On Wed, Jan 19, 2011 at 3:33 AM, Aryeh Gregor Simetrical+wikilist@gmail.com wrote:
On Wed, Jan 19, 2011 at 3:59 AM, Anthony wikimail@inbox.org wrote:
Why isn't this being used for the dumps?
Well, the relevant code is totally unrelated, so the question is sort of a non sequitur.
No, the question is why the relevant code is totally unrelated. Specifically, I'm talking about the full history dumps.
If you mean "Why don't we have incremental dumps?"
No, that's not the question. The question is why are you uncompressing and undiffing (from DiffHistoryBlobs) only to recompress (to bz2) and then uncompress and recompress (to 7z) when you can get roughly the same compression by just extracting the blobs and removing any non-public data.
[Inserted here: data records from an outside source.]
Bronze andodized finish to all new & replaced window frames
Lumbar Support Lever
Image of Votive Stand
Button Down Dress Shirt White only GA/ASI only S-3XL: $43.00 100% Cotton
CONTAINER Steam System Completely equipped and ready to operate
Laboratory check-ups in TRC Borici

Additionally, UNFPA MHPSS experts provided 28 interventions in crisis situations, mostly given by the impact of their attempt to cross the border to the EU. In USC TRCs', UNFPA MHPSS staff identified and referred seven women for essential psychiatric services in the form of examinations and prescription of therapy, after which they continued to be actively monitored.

Or, if it's easier, continue to uncompress (in gz) and undiff then rediff and recompress (in gz), as that will be much much faster than compressing in bz2.
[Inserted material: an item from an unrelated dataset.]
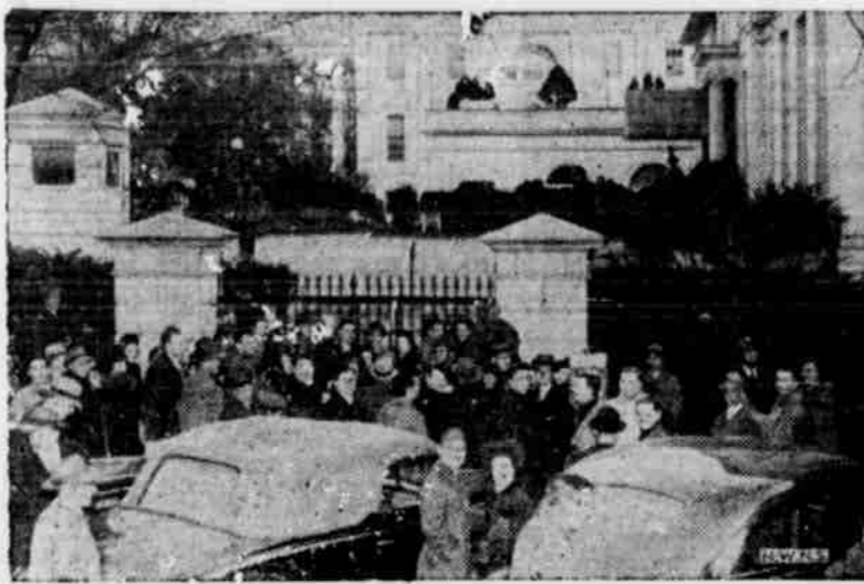
The first news of the Japanese bombing of U. S. naval and army bases in the Pacific to reach Washington brought crowds to the White House, where flash bulletins were being issued by the President's secretary, Steven Early. The photo shows crowds at the gate leading to the executive office of the White House.

You'll also wind up with a full history dump which is *much* easier to work with. Yes, you'll break backward compatibility, but considering that the English full history dump never finishes, even if you just implemented it for that one it'd be better than the present, which is to have nothing.
I'm assuming the answer is (as usual in software development) that there are higher-priority things to do right now.
And there are lots of lower-priority things that are being done. And lots of dollars sitting on the sidelines doing nothing.